Iran has a longstanding relationship with Iraqi Kurds, and it’s the only country in the region with a substantial Kurdish population to have consistently preserved decent relations with them. Iranian support for the Kurds has received more attention since 2014, when Iran backed certain Kurdish efforts against the Islamic State (ISIS), but the ties go back decades.

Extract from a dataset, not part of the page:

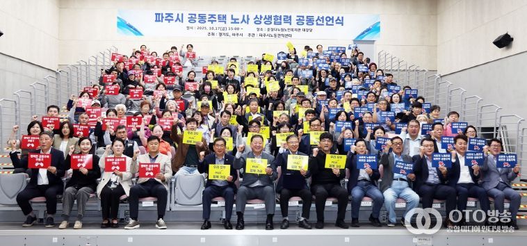 oto방송 김민석 기자 | 아파트 경비원, 미화원 등 공동주택 노동자들의 초단기 계약 관행을 근절하기 위해 경기도와 파주시, 지난 17일 파주시 운정 다누림 노인복지관에서 ‘공동주택 노동자 상생 협력 선언식’을 개최했다.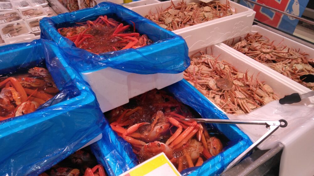 こんにちは!みしまや東川津鮮魚コーナーです!本日は土曜市!鮮魚コーナーではいまが美味しいかにがたくさん!松葉や紅がになどおすきなかにをお選びくださいませ!ぜひお買い求めくださいませ!

Even before the 1979 Islamic Revolution, the Shah provided support to the Kurds in Iraq. In those years, Iran, joined by Israel and the United States, supported a Kurdish insurgency against the al-Bakr government in Iraq. At the time, Tehran’s backing of the Kurds served two main purposes. First, the Shah shared the United States’ fears about the spread of communism in the Middle East, and the Soviet Union backed the government in Baghdad. Second, the Shah wanted to check Iraq, whose claims over parts of the river bordering the two countries—the Shatt al-Arab, as it’s known to the Arabs, and Arvand Rud, as it’s known to Iranians—had caused longstanding tensions between the two capitals.